#### Action item
Print only the lines from the top of the data through the line with "Bamboo and metal", both included, skipping every picture.

#### Supplied data
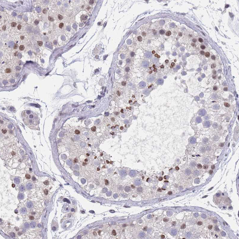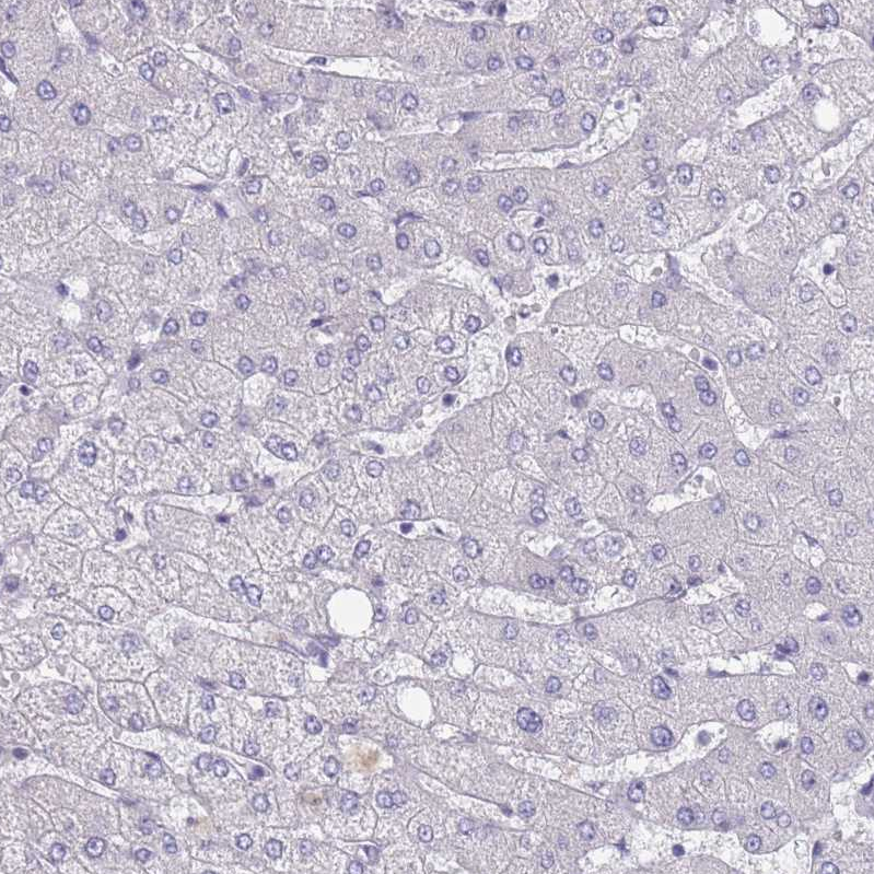 Immunohistochemical staining of human cerebellum shows moderate cytoplasmic positivity in neuronal processes.
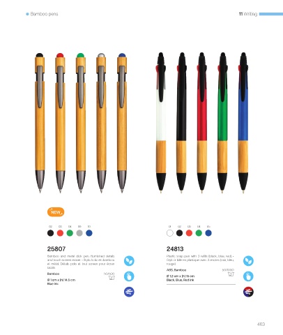 Bamboo and metal click pen. Burnished details Plastic snap pen with 3 refills (black, blue, red). •
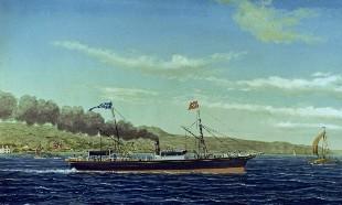 DS "Framnæs", første skipet til Fylkesbaatane i rute Bergen - Sogn, 2. desember 1858, skipingsdato/år for Fylkesbaatane i Sogn og Fjordane. Maleriet er datert 1859. Skipet har tre kjennemerke: skipsnamnet, skorsteinen: raudt band på svart botn, og flagget: blått kryss i kvitt rektangel på raud botn.
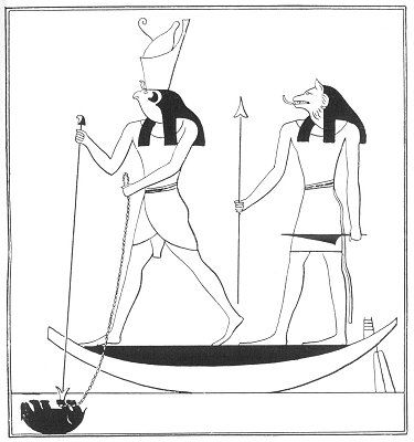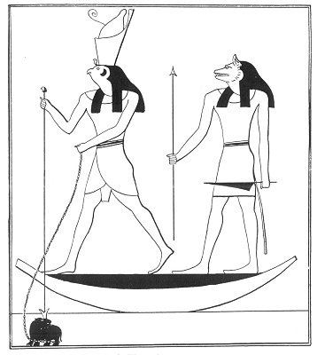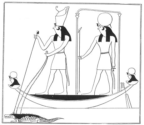 In gladness of heart Ra proposed a sail on the Nile, but as soon as his enemies heard that he was coming, they changed themselves into crocodiles and hippopotami,

#### Response
 Immunohistochemical staining of human cerebellum shows moderate cytoplasmic positivity in neuronal processes.
 Bamboo and metal click pen. Burnished details Plastic snap pen with 3 refills (black, blue, red). •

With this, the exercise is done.